Subtopic Deep Dive

Silk Fibroin Materials Fabrication and Properties
Research Guide

What is Silk Fibroin Materials Fabrication and Properties?

Silk fibroin materials fabrication and properties research extracts and processes Bombyx mori silk fibroin into films, scaffolds, and fibers while characterizing mechanical strength and structural conformations like silk I and II.

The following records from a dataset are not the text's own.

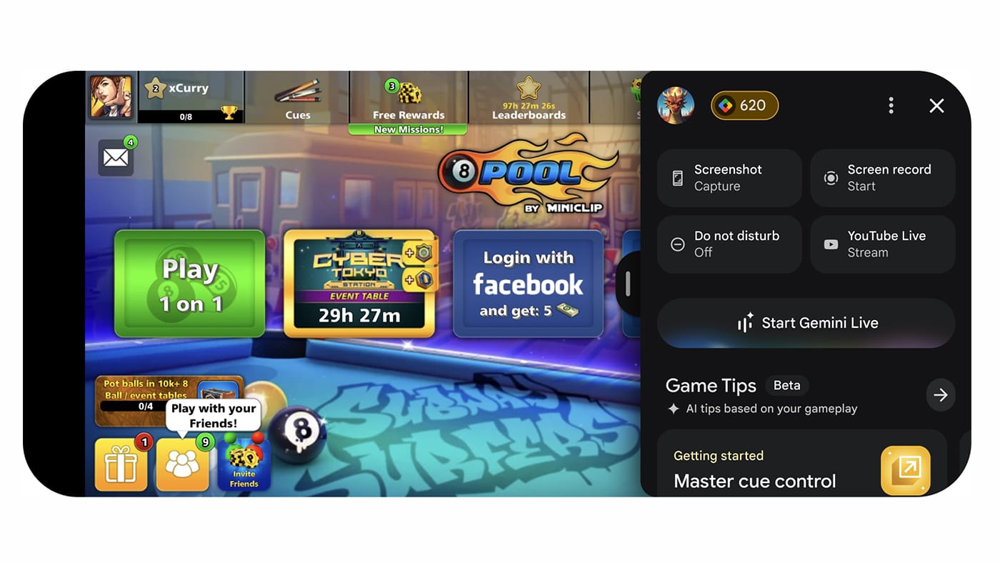 Outra novidade é o Play Games Sidekick, uma sobreposição dentro do jogo que oferece informações relevantes e acesso direto ao Gemini Live, um assistente de IA que fornece dicas e instruções em tempo real, sem ser necessário sair do jogo. A ferramenta recorre à partilha de ecrã para entender o contexto do jogador e oferecer orientação personalizada.
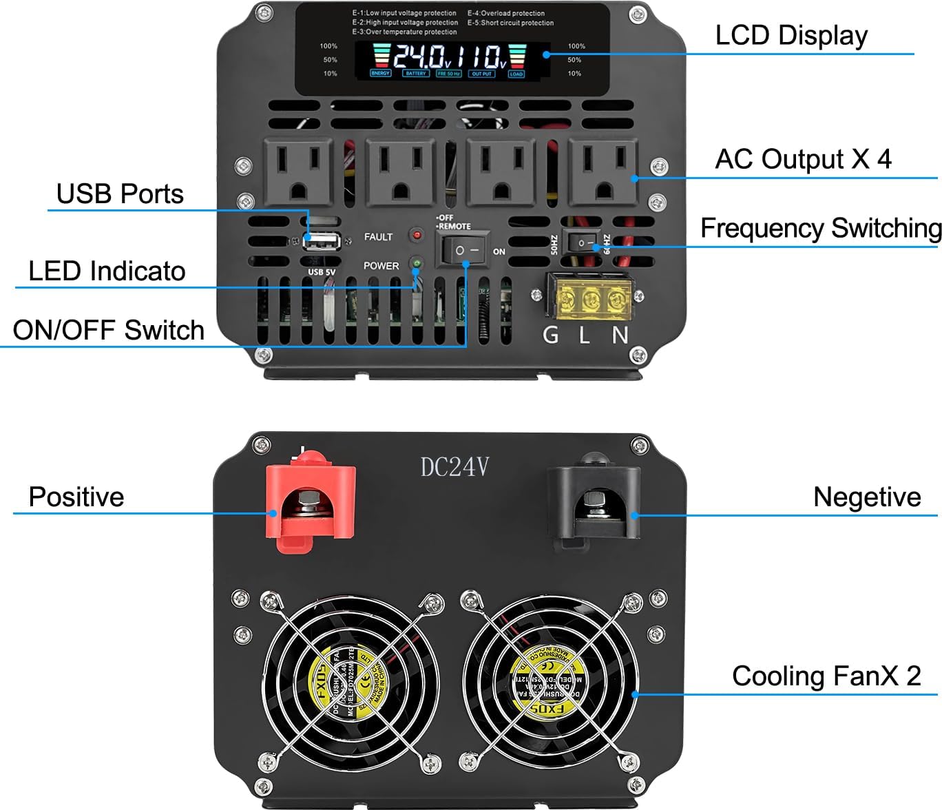- 【Smart Cooling Fan + Full Safety Protections】Built-in intelligent cooling fan activates only when internal temperature exceeds 104°F(40°C) or load exceeds 45%, ensuring quiet operation and optimal heat dissipation. Includes protections for over/under voltage, overload, short circuit, reverse polarity, and overheating
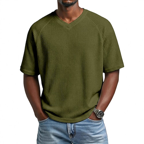 Da uomo Maglietta Waffle Maglietta Manica Corta Scollo a V Estate Tinta unica Moda Designer Casual Manica corta Casuale Quotidiano All'aperto Blu chiaro Nero Bianco Maglietta Top per Uomo
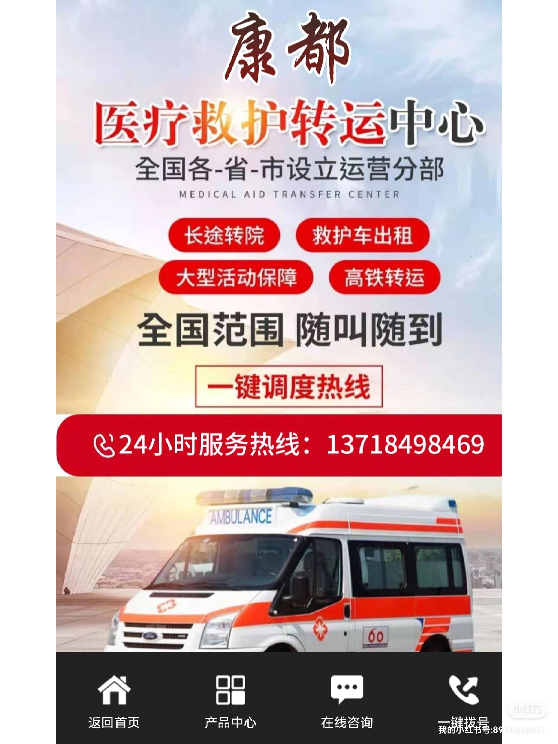 临猗县120救护车长途转运跟大家聊聊如何办理救护车牌照:1.根据许可证税第七条的规定:卫生机关和公共组织设立的医院、具有固定特殊设备和特殊标志的交通工具,如救护车、诊疗车、洒水车、水肥车、垃圾车等,免征许可证税/燃料税;前一项免征许可证税的交通工具,使用前应办理免征手续!2.申请人应准备件/申请机关单位:一、申请设立。(一)民营救护车机构设立许可申请表。(二)设置计画书。下列事项应按规定说明:1.业
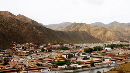拉卜楞寺,位于甘南藏族自治州夏河縣城西0.5公里處。本名噶丹夏珠卜達(dá)吉益蘇奇貝瑯,簡(jiǎn)稱扎西奇寺,是我國藏傳佛教(即喇嘛教)格魯派(黃教)六大寺院之一,一般稱拉卜楞寺。第一世嘉木樣阿旺宋哲大師創(chuàng)建于清康熙四十八年(1709)?滴跷迨辏1714)建立“拉章”(即嘉木樣佛宮),“拉章”音變?yōu)椤袄防恪,意為寺院最高活佛府邸?/p>
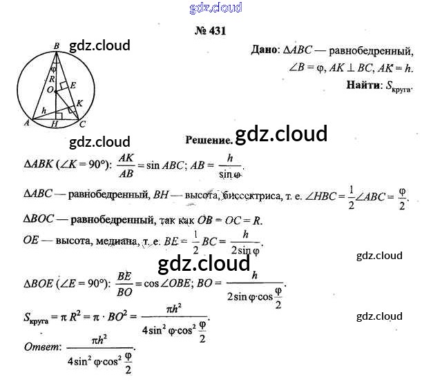 Ответ на задание 431 Учебник Геометрия за 9 (девятый) класс Шлыков 2012 онлайн и без номера телефона.
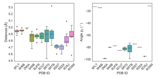 Structural features of fibrillated wt αS proteins. Boxplots showing the distribution of values for ring-to-ring distances (left) and χ2 dihedral angles (right) for fibrillated αS proteins in the PDB for Tyr-39.
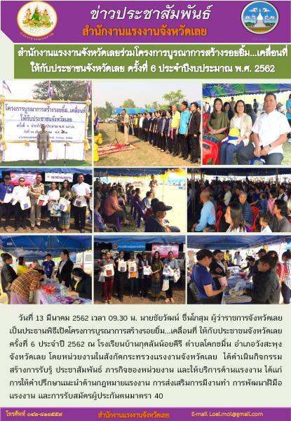 สำนักงานแรงงานจังหวัดเลยร่วมโครงการบูรณาการสร้างรอยยิ้ม…เคลื่อนที่ให้กับประชาชนจังหวัดเลย ครั้งที่ 6 ประจำปีงบประมาณ พ.ศ. 2562
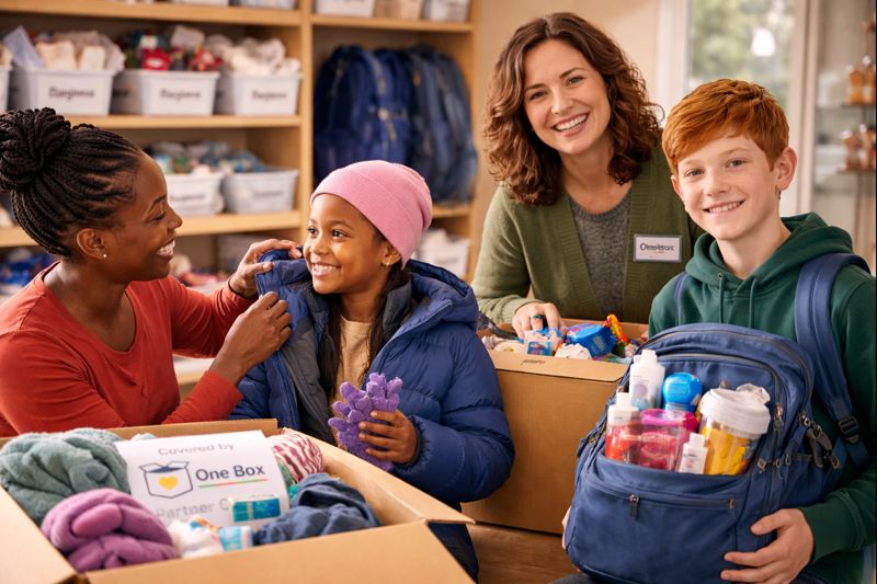 Pick a box and we pack essentials, deliver through partners, and confirm handoff.

This subtopic covers methods to degum cocoons, form hydrogels, and enhance tensile properties using agents like papain and glycerol. Key papers include Holland et al. (2018, 757 citations) on biomedical uses and Zhou et al. (2018, 185 citations) on advanced manufacturing. Over 10 provided papers span 2011-2020 with 82-757 citations.

Curated Papers

Key Challenges

Why It Matters

Silk fibroin scaffolds support regenerative medicine via ionic liquid processing from mulberry and non-mulberry silkworms (Silva et al., 2013). Glycerol plasticization boosts Bombyx mori sericin film tensile strength for biomedical films (Zhang et al., 2011). Papain degumming yields high molecular weight fibroin for textiles and implants (Feng et al., 2020). Advanced manufacturing expands applications in high-performance textiles (Zhou et al., 2018).

Key Research Challenges

Sericin Removal Without Fibroin Damage

Degumming must eliminate sericin fully while preserving fibroin molecular weight. Papain degumming achieves this better than traditional methods (Feng et al., 2020). Damage reduces mechanical properties in scaffolds and films.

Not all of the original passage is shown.